2009 book by Karen Armstrong

The Case for God is a 2009 book by Karen Armstrong. It covers the history of religion, from the Paleolithic age to the present day, with a focus on the three Abrahamic religions: Judaism, Christianity and Islam, and on apophatic theology in various religions.

Another theme is intellectual beliefs versus practice. Armstrong claims that the fundamental reality, later called God, Brahman, nirvana or Tao, transcends human concepts and thoughts, and can only be known through devoted religious practice.
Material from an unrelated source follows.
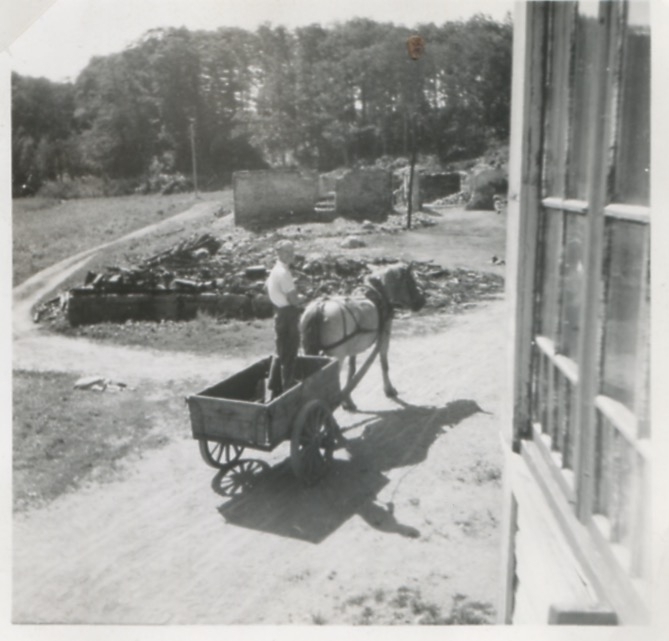 Efter branden i gamla ladugården, Labacka 1:2 "Lund" 1948. En okänd man med förspänd häst står på gårdsplanen utanför boningshuset som ses till höger.

In 2009, the book was awarded the Dr. Leopold Lucas Prize by the University of Tübingen (Germany) in recognition of its contribution to the fields of theology, philosophy and intellectual history, and for improving international understanding and tolerance among faiths.

== Synopsis ==

In the introduction, Armstrong presents two forms of knowledge, mythos and logos. Since the 16th and 17th century, she says logos governed civilization, resulting in two phenomena: fundamentalism and atheism. Armstrong says that the new atheists have made some invalid criticisms of religion. She states, "I can sympathize with the irritation of the new atheists", but she maintains that they have focused primarily on fundamentalism. She says they "aren't radical enough" and finds their work "disappointingly shallow". According to Armstrong, "My aim in this book is simply to bring something fresh to the table."